* **WHAT IS REQUIRED**: In the material below, find the line with "民族危亡之際,中國人民迸發(fā)出勢不" and the line with "Figure 5 shows", then output both and every line between them exactly, omitting pictures.

* **DATASET**:
.....
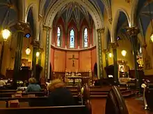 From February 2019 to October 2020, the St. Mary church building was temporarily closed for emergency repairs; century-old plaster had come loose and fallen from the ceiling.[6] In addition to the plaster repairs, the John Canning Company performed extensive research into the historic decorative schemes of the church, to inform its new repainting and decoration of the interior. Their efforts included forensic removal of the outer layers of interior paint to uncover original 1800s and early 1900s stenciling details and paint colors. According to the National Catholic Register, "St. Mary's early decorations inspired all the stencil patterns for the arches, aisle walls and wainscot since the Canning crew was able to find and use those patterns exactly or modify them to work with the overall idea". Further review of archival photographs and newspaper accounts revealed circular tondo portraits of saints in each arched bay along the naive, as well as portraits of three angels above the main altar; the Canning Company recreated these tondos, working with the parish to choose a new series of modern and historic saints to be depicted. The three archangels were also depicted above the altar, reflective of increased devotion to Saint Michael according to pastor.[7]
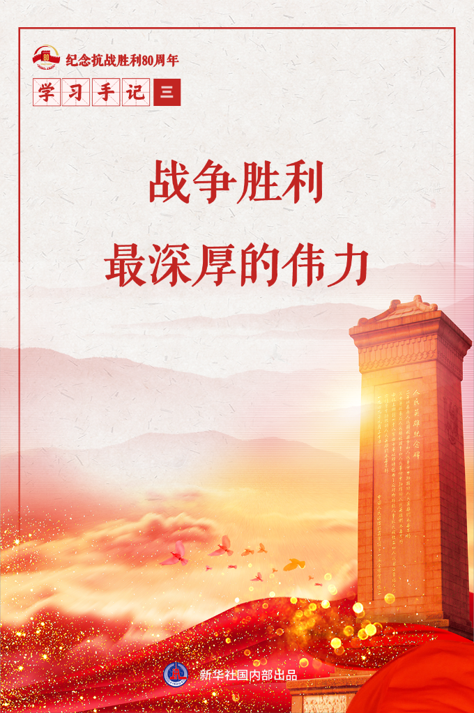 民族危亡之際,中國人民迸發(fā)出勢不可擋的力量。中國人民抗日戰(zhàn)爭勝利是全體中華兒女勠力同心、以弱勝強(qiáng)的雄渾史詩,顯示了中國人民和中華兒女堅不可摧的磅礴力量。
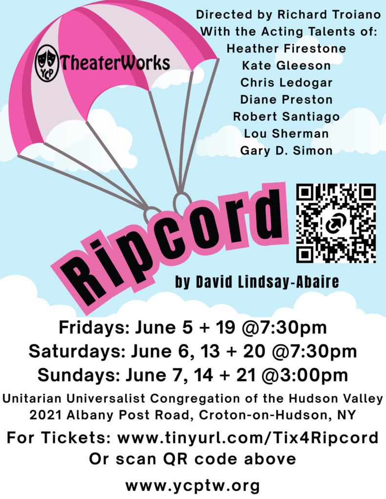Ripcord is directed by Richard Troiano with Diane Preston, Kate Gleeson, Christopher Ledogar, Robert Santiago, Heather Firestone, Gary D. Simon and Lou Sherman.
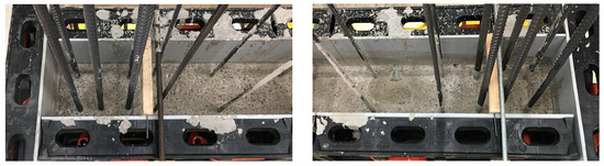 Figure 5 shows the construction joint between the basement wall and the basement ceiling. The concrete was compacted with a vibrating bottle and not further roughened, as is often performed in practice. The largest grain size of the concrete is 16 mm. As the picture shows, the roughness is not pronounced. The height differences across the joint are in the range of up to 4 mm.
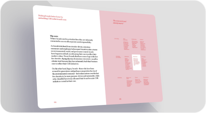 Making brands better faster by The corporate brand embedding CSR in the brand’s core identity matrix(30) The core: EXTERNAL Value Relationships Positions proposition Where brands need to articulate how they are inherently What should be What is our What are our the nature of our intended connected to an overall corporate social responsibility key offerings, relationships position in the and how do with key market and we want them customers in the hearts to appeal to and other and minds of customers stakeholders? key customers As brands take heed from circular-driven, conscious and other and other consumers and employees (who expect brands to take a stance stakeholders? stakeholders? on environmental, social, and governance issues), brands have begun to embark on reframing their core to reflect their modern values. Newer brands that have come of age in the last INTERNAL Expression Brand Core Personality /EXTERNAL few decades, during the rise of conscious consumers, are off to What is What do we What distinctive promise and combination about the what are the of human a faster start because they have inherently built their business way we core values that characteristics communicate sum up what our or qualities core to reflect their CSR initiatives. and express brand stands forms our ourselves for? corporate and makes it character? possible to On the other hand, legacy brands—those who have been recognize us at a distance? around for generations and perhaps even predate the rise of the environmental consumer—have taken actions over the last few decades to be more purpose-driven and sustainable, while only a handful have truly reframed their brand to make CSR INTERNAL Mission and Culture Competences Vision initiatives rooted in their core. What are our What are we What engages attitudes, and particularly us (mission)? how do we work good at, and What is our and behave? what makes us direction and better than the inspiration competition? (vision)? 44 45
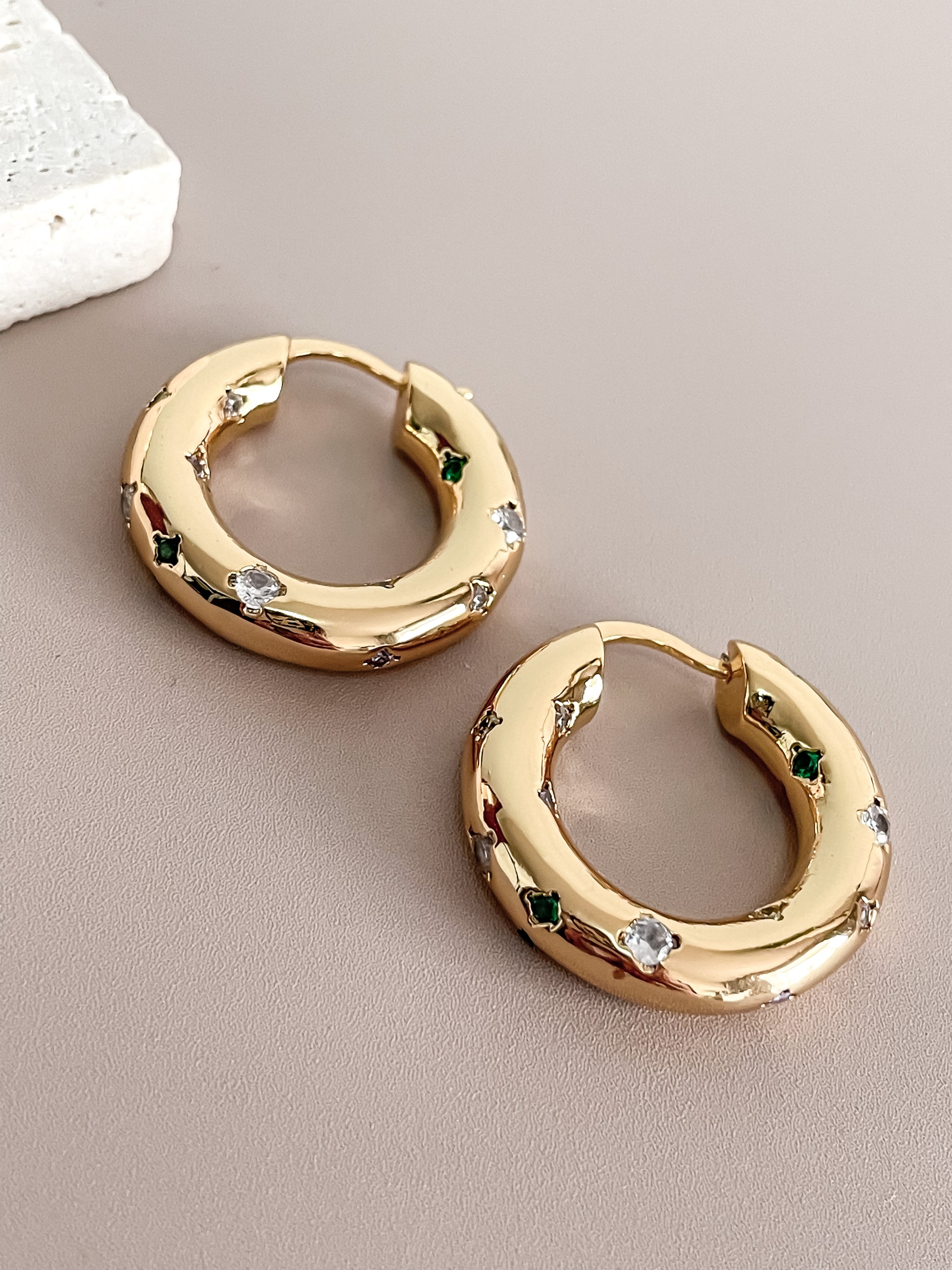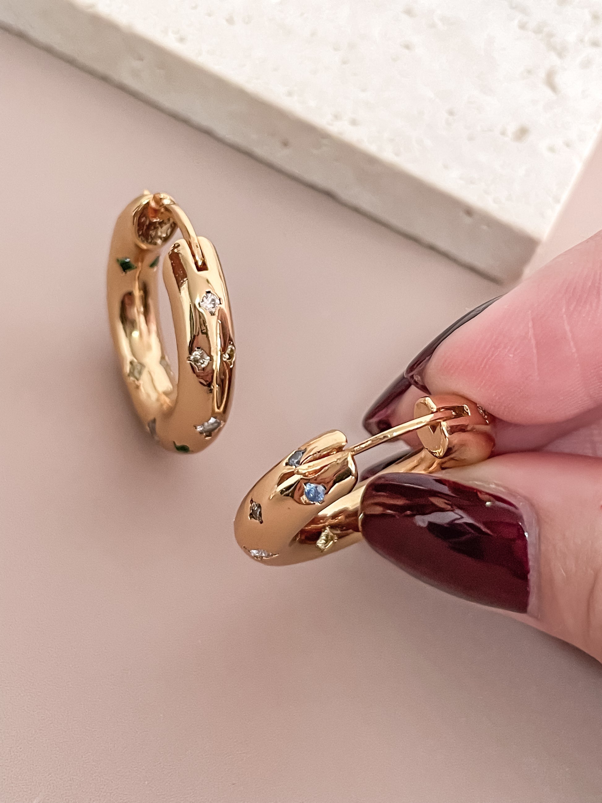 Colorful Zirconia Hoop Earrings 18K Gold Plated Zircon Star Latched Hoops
.....
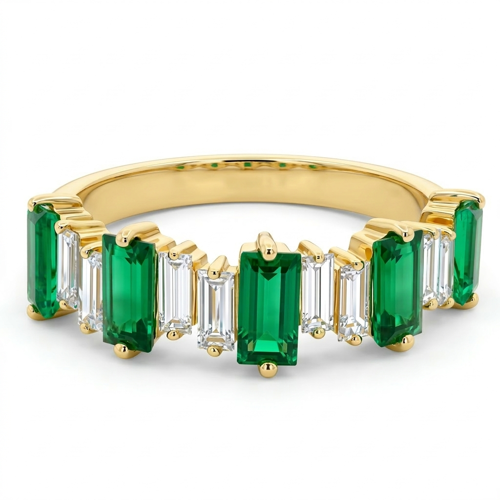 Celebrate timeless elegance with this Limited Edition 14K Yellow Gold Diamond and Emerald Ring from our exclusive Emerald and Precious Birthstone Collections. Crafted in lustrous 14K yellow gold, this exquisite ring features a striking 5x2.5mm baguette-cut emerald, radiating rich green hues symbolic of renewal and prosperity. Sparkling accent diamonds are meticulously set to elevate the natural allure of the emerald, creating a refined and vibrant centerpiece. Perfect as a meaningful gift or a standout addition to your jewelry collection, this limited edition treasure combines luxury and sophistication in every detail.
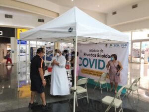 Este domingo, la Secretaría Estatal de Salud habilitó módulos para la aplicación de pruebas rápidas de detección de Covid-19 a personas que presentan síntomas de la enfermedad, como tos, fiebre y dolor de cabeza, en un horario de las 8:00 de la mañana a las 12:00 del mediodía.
.....
* **ANSWER TO THIS PROBLEM**:
 民族危亡之際,中國人民迸發(fā)出勢不可擋的力量。中國人民抗日戰(zhàn)爭勝利是全體中華兒女勠力同心、以弱勝強(qiáng)的雄渾史詩,顯示了中國人民和中華兒女堅不可摧的磅礴力量。
Ripcord is directed by Richard Troiano with Diane Preston, Kate Gleeson, Christopher Ledogar, Robert Santiago, Heather Firestone, Gary D. Simon and Lou Sherman.
 Figure 5 shows the construction joint between the basement wall and the basement ceiling. The concrete was compacted with a vibrating bottle and not further roughened, as is often performed in practice. The largest grain size of the concrete is 16 mm. As the picture shows, the roughness is not pronounced. The height differences across the joint are in the range of up to 4 mm.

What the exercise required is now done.